● **YOUR GOAL**
In the copy, keep the lines from the first line of the material below through the line containing "Publicații casatorie 2020" exactly as they are, and include no pictures.

● **PROVIDED MATERIAL**
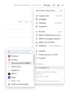 The objective here is to set up a Python program allowing to modify the content of a Notion database. A skeleton is available here. The application in the end must be able to:
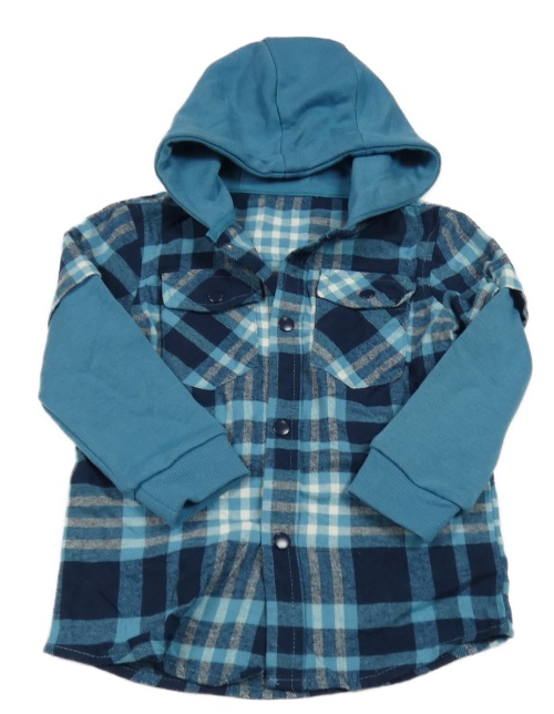 Modro-bílá kostkovaná košile s teplákovými rukávy a kapucí Dunnes Stores
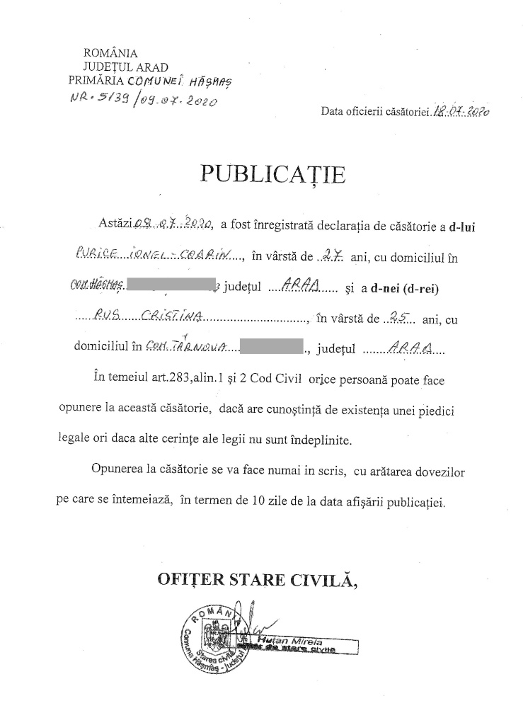 • Publicații casatorie 2020
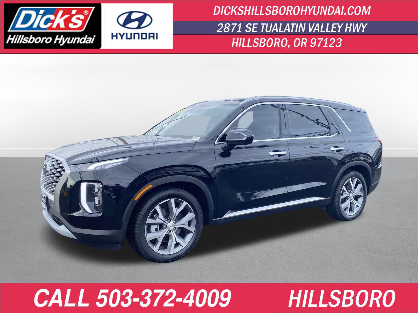 2022 Hyundai Palisade SEL Abyss Black Pearl AWD V6 8-Speed Automatic with SHIFTRONIC1-OWNER!, CLEAN CARFAX: NO ACCIDENTS, **LOCAL TRADE**, LEATHER INTERIOR, FULLY SERVICED/MAINTAINED, 115-Volt AC Power Outlet, 3.648 Axle Ratio, 3rd row seats: split-bench, 3rd Row USB Outlets, 4-Wheel Disc Brakes, 6 Speakers, 7 High-Resolution Cluster Display, 8-Passenger Bench Seating P4, 8-Way Power Passenger Seat, 8P Bench Seat Package, ABS brakes, Acoustic Front Side Glass, Air Conditioning, Alloy wheels, AM/FM radio, Apple CarPlay & Android Auto, Auto High-beam Headlights, Auto Leveling Rear Suspension, Auto-dimming Rear-View mirror, Automatic temperature control, Brake assist, Bumpers: body-color, Cargo Block, Cargo Net, Cargo Package, Cargo Tray, Cloth Seat Trim, Convenience Package P2, Delay-off headlights, Driver door bin, Driver vanity mirror, Driver's Seat Integrated Memory System, Dual front impact airbags, Dual front side impact airbags, Electronic Stability Control, Four wheel independent suspension, Front anti-roll bar, Front Bucket Seats, Front Center Armrest, Front dual zone A/C, Front Parking Sensors, Front reading lights, Fully automatic headlights, Garage door transmitter: HomeLink, Hands-Free Smart Liftgate, Heated 2nd Row Seats, Heated door mirrors, Heated Front Bucket Seats, Heated front seats, Heated Steering Wheel, Highway Drive Assist I, Illuminated entry, Knee airbag, Leather Seat Trim, LED Taillights, Low tire pressure warning, Occupant sensing airbag, Outside temperature display, Overhead airbag, Overhead console, Panic alarm, Passenger door bin, Passenger vanity mirror, Power 3rd Row Seating, Power door mirrors, Power driver seat, Power moonroof, Power steering, Power windows, Premium Dashboard & Door Armrests, Premium Package P3, Radio data system, Radio: AM/FM/MP3 Display Audio, Radio: AM/FM/MP3 Premium Audio System, Rear air conditioning, Rear anti-roll bar, Rear audio controls, Rear reading lights, Rear Side Window Sunshades, Rear window defroster, Rear window wiper, Reclining 3rd row seat, Remote keyless entry, Roof rack: rails only, Security system, Speed control, Speed-sensing steering, Split folding rear seat, Spoiler, Steering wheel mounted audio controls, Tachometer, Telescoping steering wheel, Tilt steering wheel, Traction control, Trip computer, Turn signal indicator mirrors, Ultrasonic Rear Occupant Alert, Variably intermittent wipers, Wheels: 18 x 7.5J Machine Finish Alloy, Wheels: 20 x 7.5J Split 5-Spoke Machined Alloy, Wireless Phone Charger.CARFAX One-Owner. Clean CARFAX.You make the drive, we'll make the deal! Come to www.dickshillsborohyundai.com To See Our Specials!! Call us at 503-608-7456 For help with any of our departments!!

● **WRITTEN RESPONSE**
 The objective here is to set up a Python program allowing to modify the content of a Notion database. A skeleton is available here. The application in the end must be able to:
 Modro-bílá kostkovaná košile s teplákovými rukávy a kapucí Dunnes Stores
 • Publicații casatorie 2020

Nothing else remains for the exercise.